Tony Price Suffered injuries in a car accident.  He was not at fault in causing the accident.  He sued the Auto Club--the insurer of the vehicle he was driving--to collect PIP benefits for medical expenses and lost wages.  The insurer argued that it did not owe any benefits because the car was owned by Price's mother, Price was not disclosed as a driver, and the car may have been garaged at Price's home and operated by him on a regular basis.  The insurer argued that under these facts, it was entitled to void the coverage Price's mother bought, because she had not disclosed that Price would be the regular driver.  The insurer argued that Price was complicit in his mother's misrepresentation and that it was motivated by Price's prior drunken-driving conviction.
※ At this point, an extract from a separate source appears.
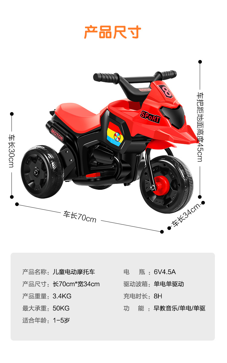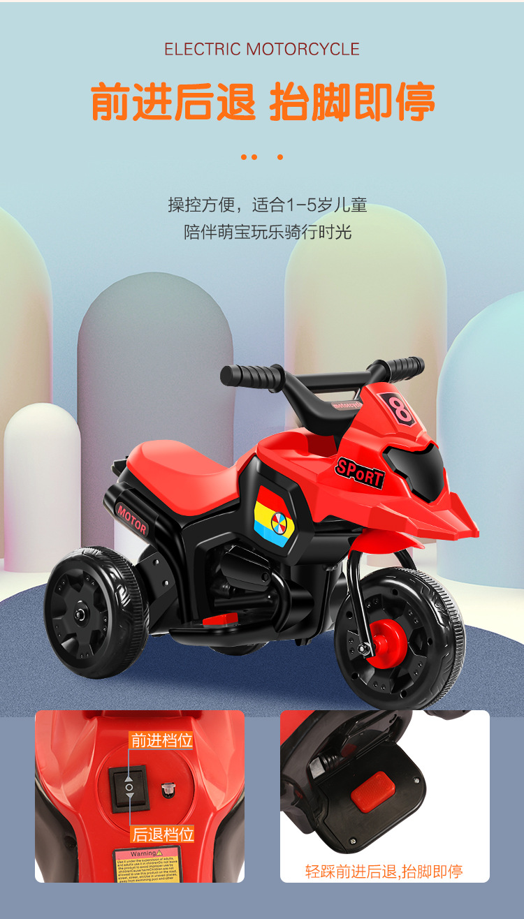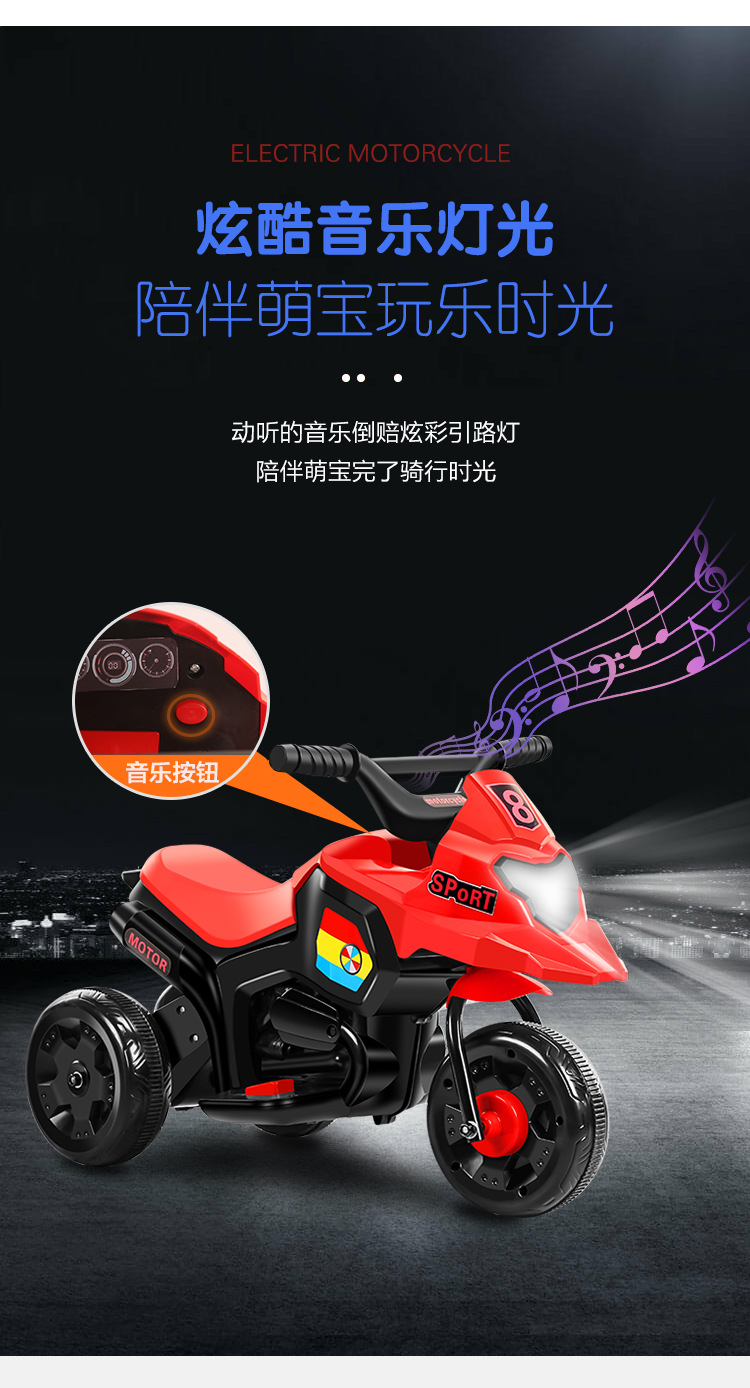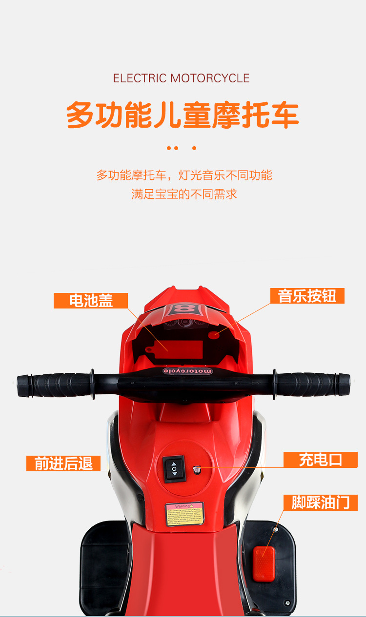 商品名称:小盟主儿童电动摩托车 三轮电动车音乐早教摩托车一键启动电动玩具车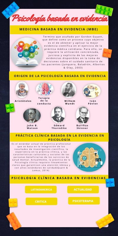 Cuevas, P., Talallero, P., Villarreal, A. & Ayala, M. (2017). Psicoterapia basada en la evidencia. Situación actual. Neurología, Neurocirugía y Psiquiatría, 45 (1), 32-38. https://www.medigraphic.com/pdfs/revneuneupsi/nnp-2017/nnp171g.pdf Echeburúa, E., Salaberria, K., Corral, P. & Polo, R. (2010). Terapias Psicológicas Basadas en la Evidencia: Limitaciones y retos de futuro. Revista Argentina de Clínica Psicológica,19 (3), 247-256. https://www.redalyc.org/pdf/2819/281921798006.pdf Junquera, L., Baladrón, J., Albertos, J. & Olay, S. (2003). Medicina basada en la evidencia (MBE). Ventajas. Revista Española de Cirugía Oral y Maxilofacial, 25 (5) 265-272. https://scielo.isciii.es/scielo.php?script=sci_arttext&pid=S1130-05582003000500003&lng=es&tlng=es. Martínez, A. (2014). Prácticas psicológicas basadas en la evidencia: beneficios y retos para Latinoamérica. Revista costarricense de Psicología, 33 (2), 63-78. https://www.redalyc.org/pdf/4767/476747238009.pdf Quant, D. &Trujillo, S. (2014). Psicología clínica basada en la evidencia y su impacto en la formación profesional, la investigación y la práctica clínica. Revista costarricense de Psicología, 33 (2), 123-136. https://www.redalyc.org/articulo.oa?id=476747238005 UVEG Académico (24 feb. 2022). De la medicina a la psicología. [video]. YouTube. https://youtu.be/ki17yjjzajI?si=2LRv3ps9aMFX96t- Valle, M. (s.f.). Explorando la psicología basada en evidencia. Psicología basada en evidencia. [módulo en línea]. Universidad Virtual del Estado de Guanajuato. https://avalicmod19c.uveg.edu.mx/mod/page/view.php?id=7274

The trial judge had granted summary disposition to Price, finding no evidence that he had actively misled the insurer or was not an innocent party in securing the insurance coverage.  The Court of Appeals reversed.  It held that even though there was "no dispute that Price did not personally make any misrepresentations," the circumstantial evidence was adequate to require a jury trial on the issue of Price's innocence in procuring coverage based on his mother's false representations.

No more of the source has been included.